Il problema che frena la diffusione degli impianti di pompaggio è quello dei costi: se è veto infatti che un impianto in esercizio è di per sé redditizio e duraturo nel tempo, è anche vero che per progettarlo e metterlo in opera sono necessari investimenti miliardari che spesso preoccupano i player del settore. Lo stesso impianto di Tâmega, ad esempio, ha usufruito di un finanziamento da 650 milioni di euro della Banca Centrale Europea, che ha quindi coperto poco più di un terzo dei costi per la realizzazione della centrale.

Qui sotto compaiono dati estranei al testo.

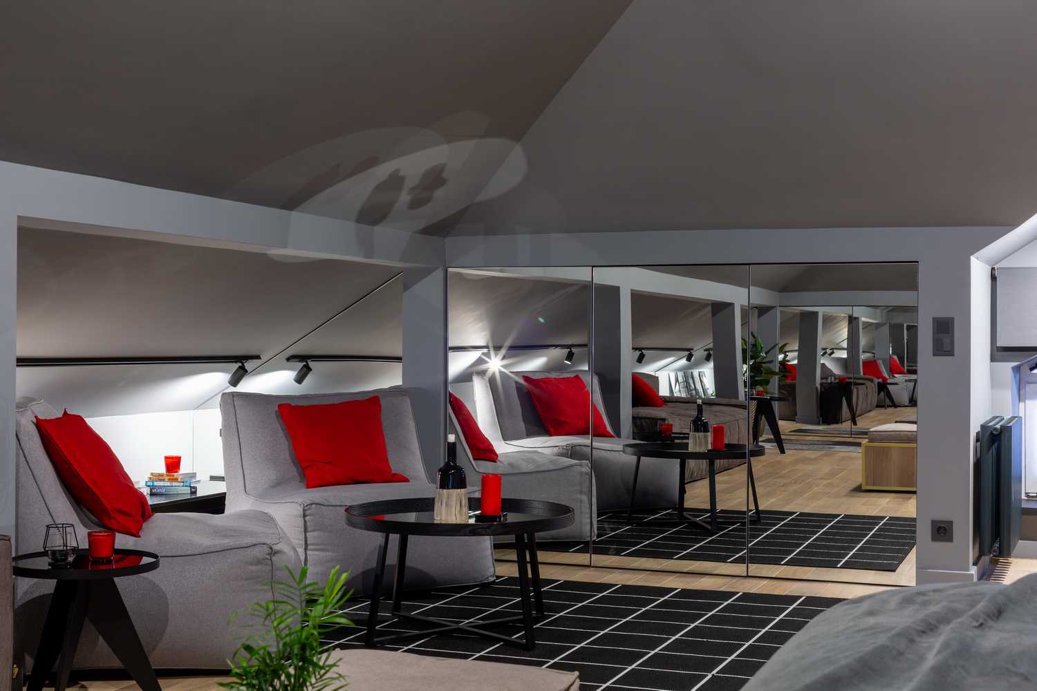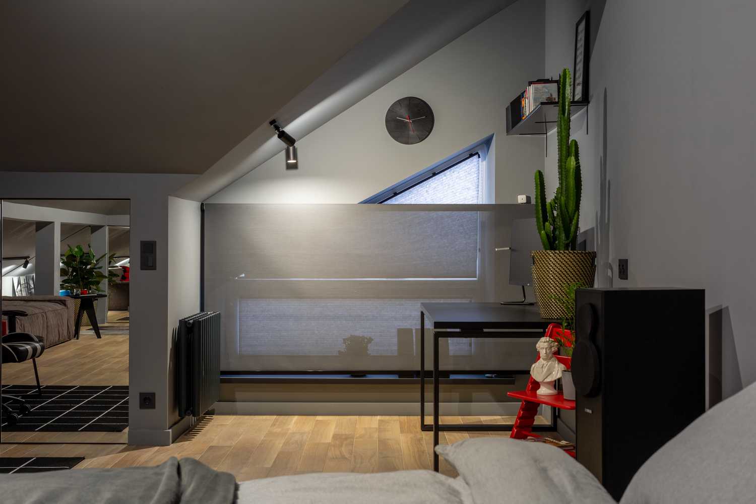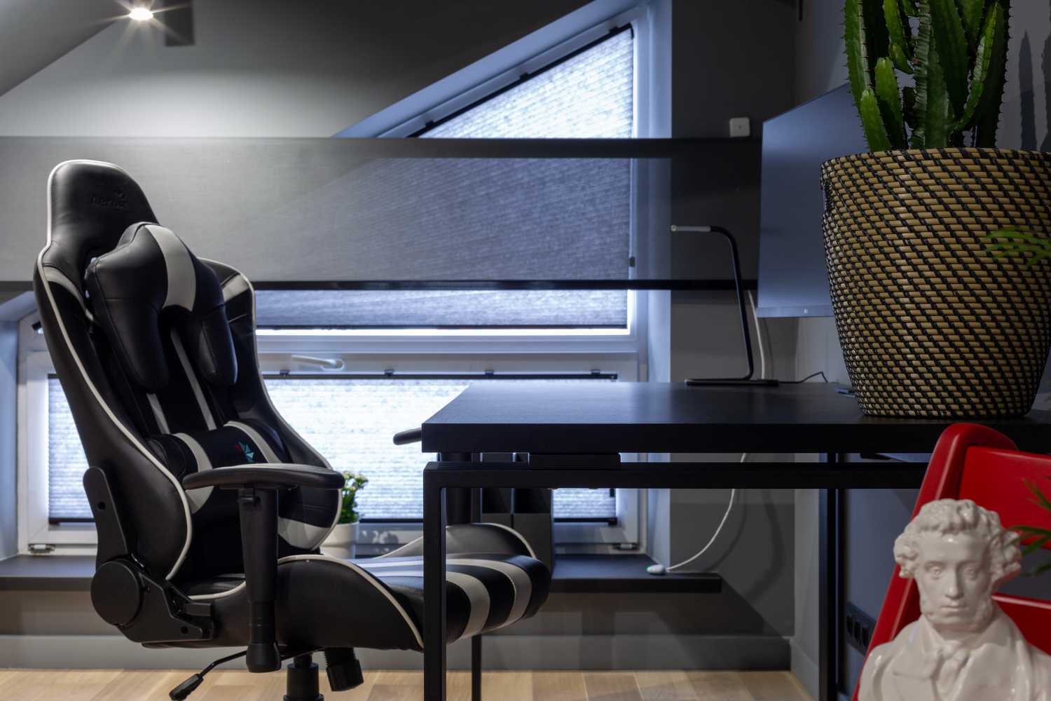 1. Шторы гофре от компании AMIGO, установленные на сами рамы окон, в том числе на треугольные окна. Данный вид солнцезащиты позволяет решить все необходимые функциональные задачи: обеспечить приватность и защитить помещение от излишнего солнечного света. Кроме этого, оригинальная сотовая структура полотна гофре позволяет сокращать теплопотери по всей площади окна и обладает звукоизоляционными свойствами. Фурнитура для штор выбрана черного цвета. Она идеально сочетается с материалом самих штор – тканью ГОФРЕ САТИН темно-серого цвета.
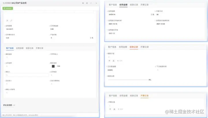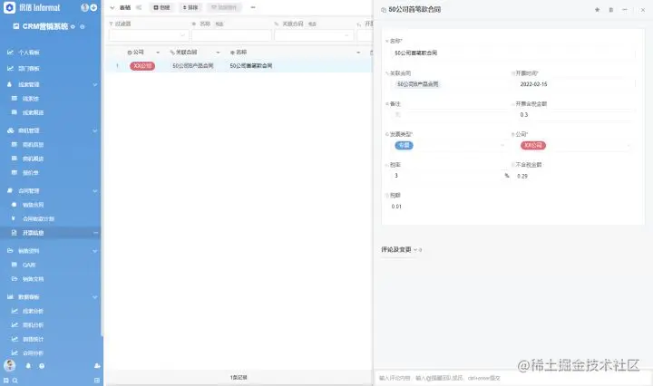 销售人员和管理者可在合同处直接查看客户,合同金额,收款记录,开票记录。
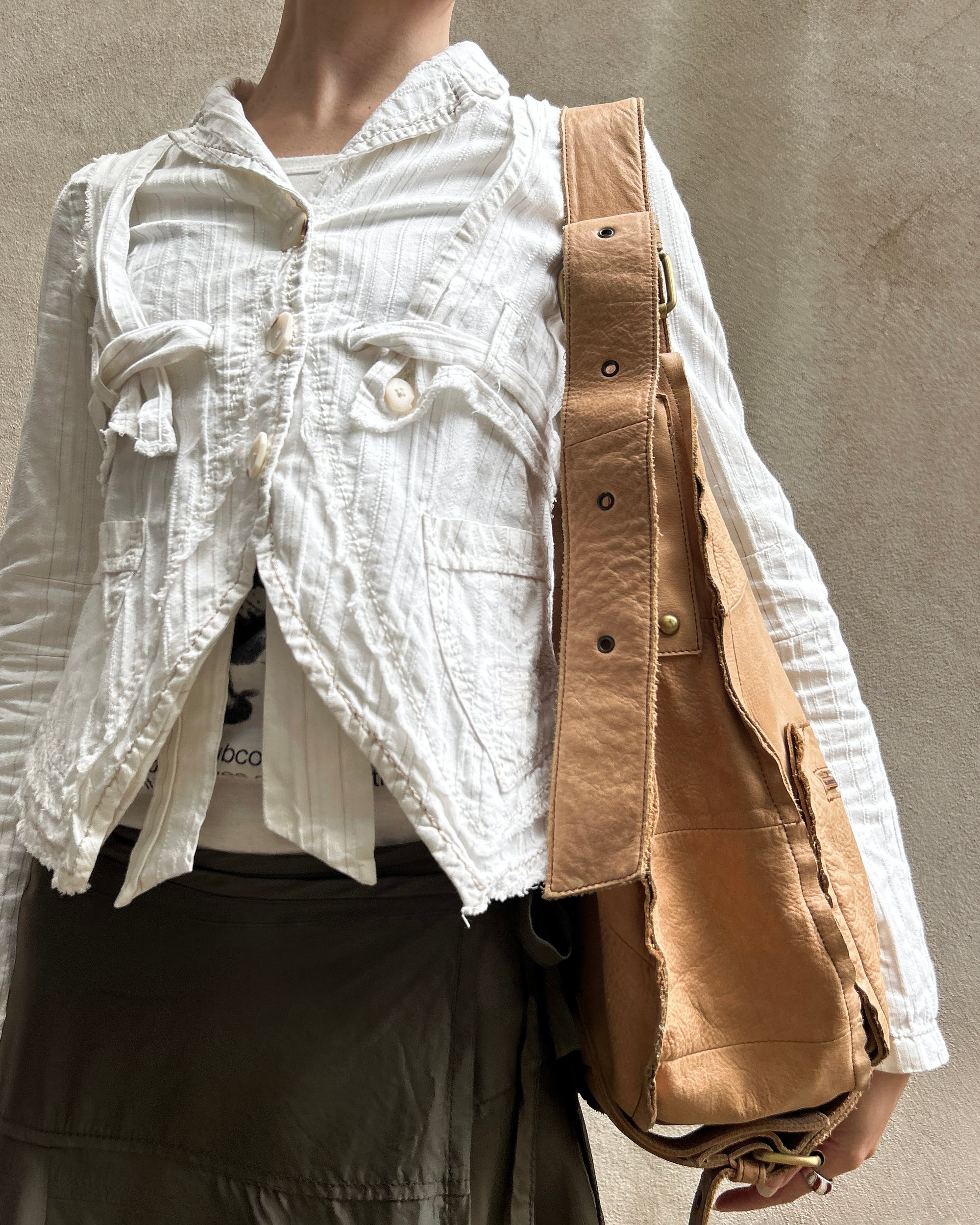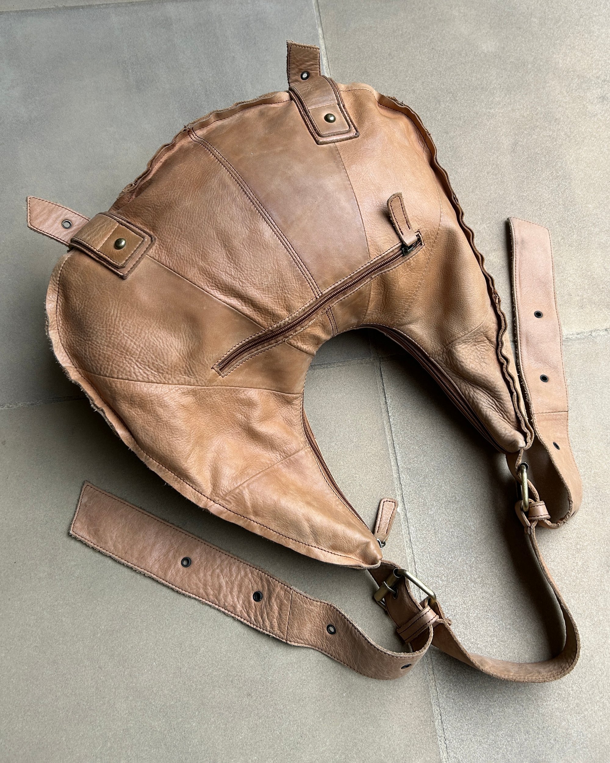 Soft distressed genuine leather. Zip closure. Two external front pockets. One external back pocket. Strap can be adjusted to be worn on the shoulder, or crossbody.
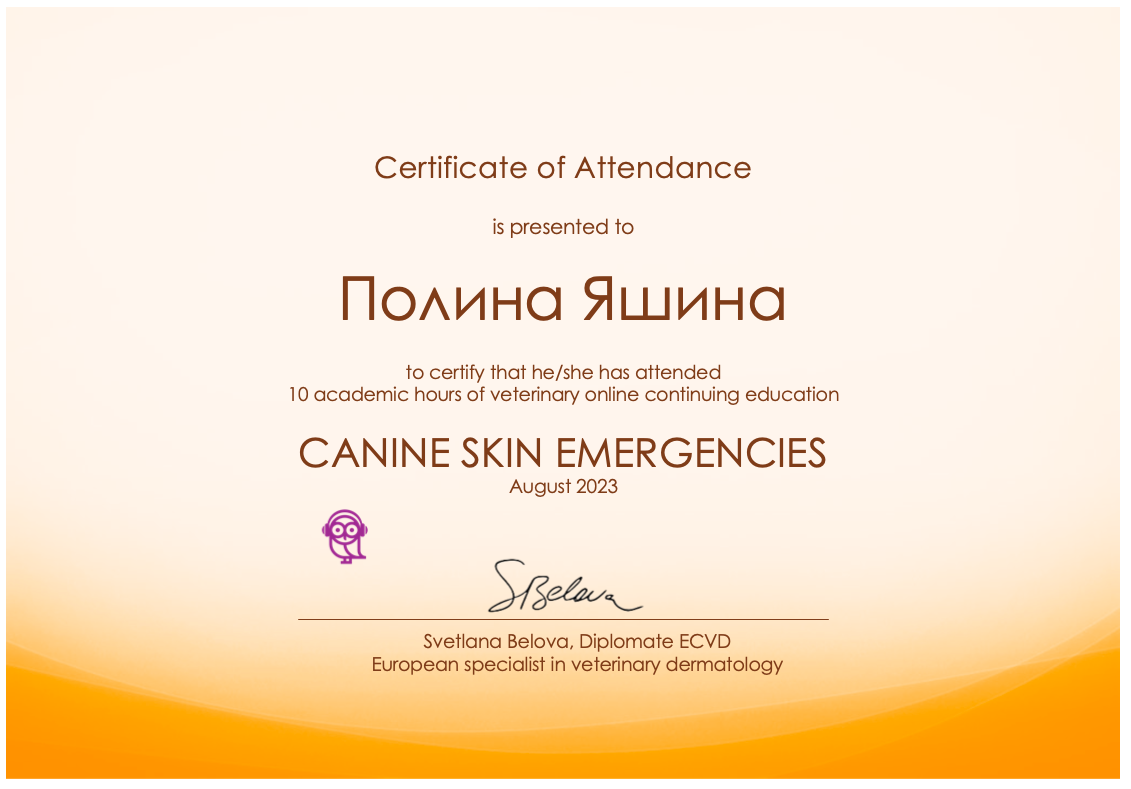 2023 г. — курс лекций «CANINE SKIN EMERGENCIES»
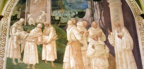 24 - Come Benedetto resuscita lo monacello cui era caduto lo muro addosso
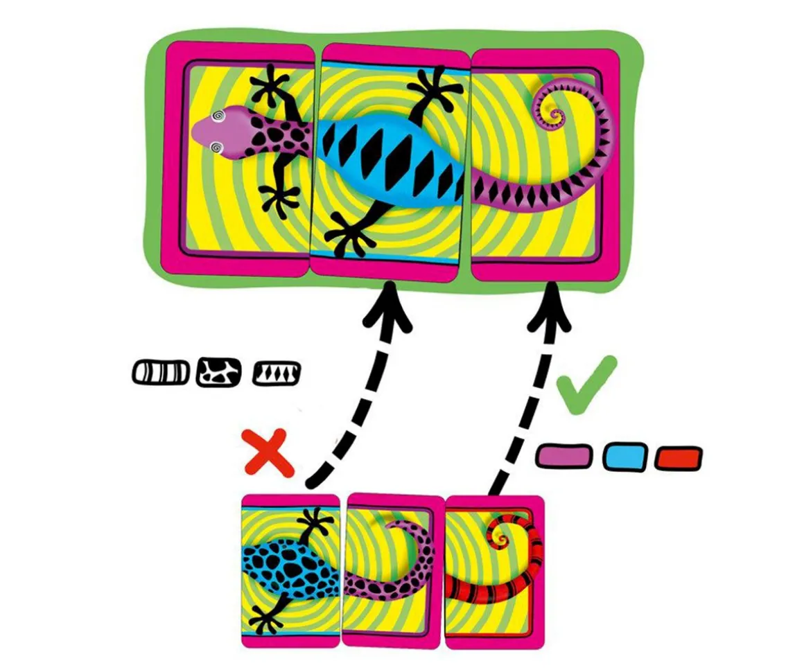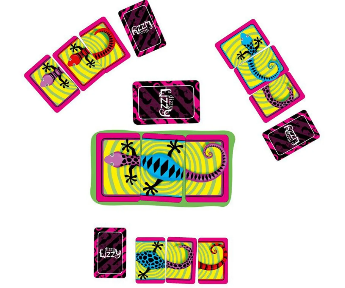 Tres partes del cuerpo, tres colores y tres patrones. Combínalos colocando nuevas cartas encima de Lizzy, una cada vez. A medida que Lizzy cambia de color y patrón, los jugadores deben crear combinaciones ganadoras. Nunca se está quieta, siempre está en constante cambio. Todo lo que necesitas para una diversión vertiginosa.
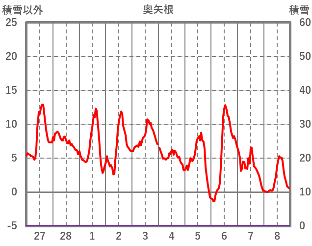 | 日 | 時 | 気温 | 降水 | 風向/風速 | 日照 | 積雪 | 降雪 |
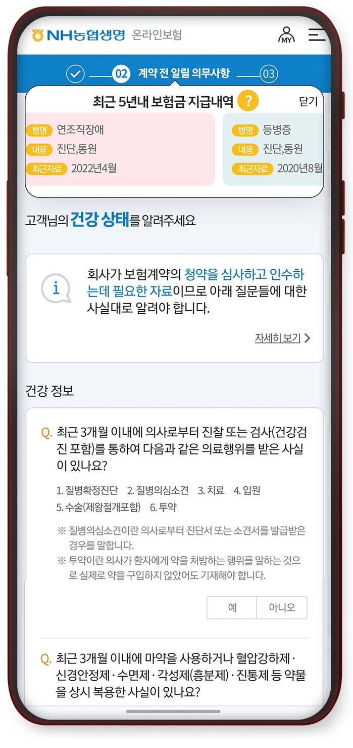 농협생명이 모바일에서 보험금 지급 이력을 사전에 알려주는 신규 서비스를 오픈했다. 국내 전체 보험사의 보험금 지급 이력 정보를 활용해 과거 5년간 주요 치료 내역 확인하여 ‘계약 전 알릴 의무’ 작성에 도움이 될 것으로 보인다
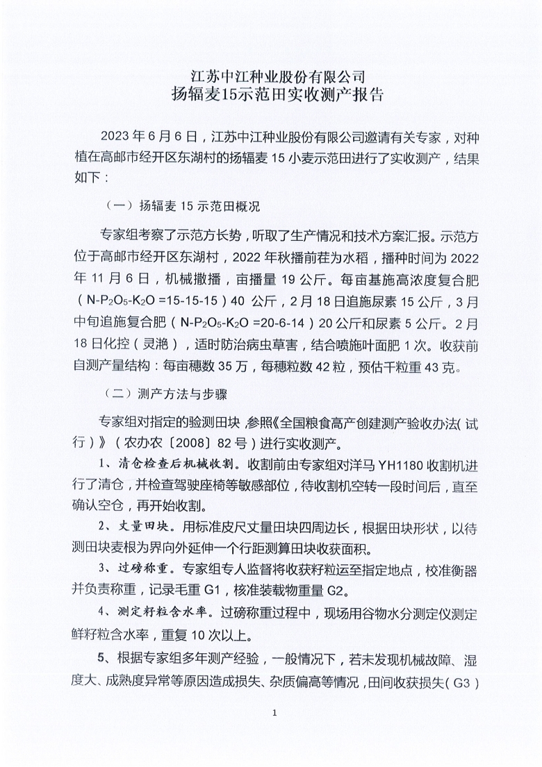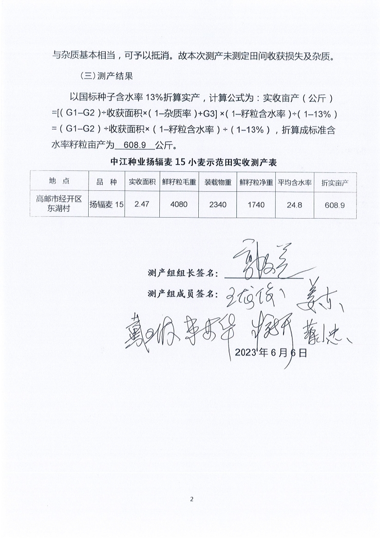 熱烈祝賀我公司“揚(yáng)輻麥15”通過省專家組實(shí)收測產(chǎn)驗(yàn)收,平均畝產(chǎn)量608.9公斤!
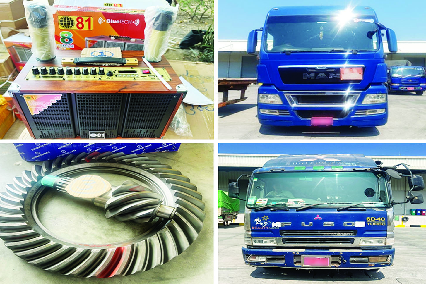 တရားမဝင်သစ်မျိုးစုံ၊ စက်သုံးဆီများ၊ လုပ်ငန်းသုံးပစ္စည်းများ၊ လူသုံးကုန်ပစ္စည်းများ၊ လိုင်စင်မဲ့မော်တော်ဆိုင်ကယ်များနှင့် မော်တော်ယာဉ်များဖမ်းဆီးရမိ

Oltre ai costi proibitivi, la seconda criticità è – come accade spesso quando si parla di grandi opere – la complessità e la lunghezza degli iter autorizzativi, rispetto alla quale gli operatori del settore sono concordi nel chiedere una semplificazione e uno snellimento delle procedure, oltre che la stabilità del quadro normativo nel tempo.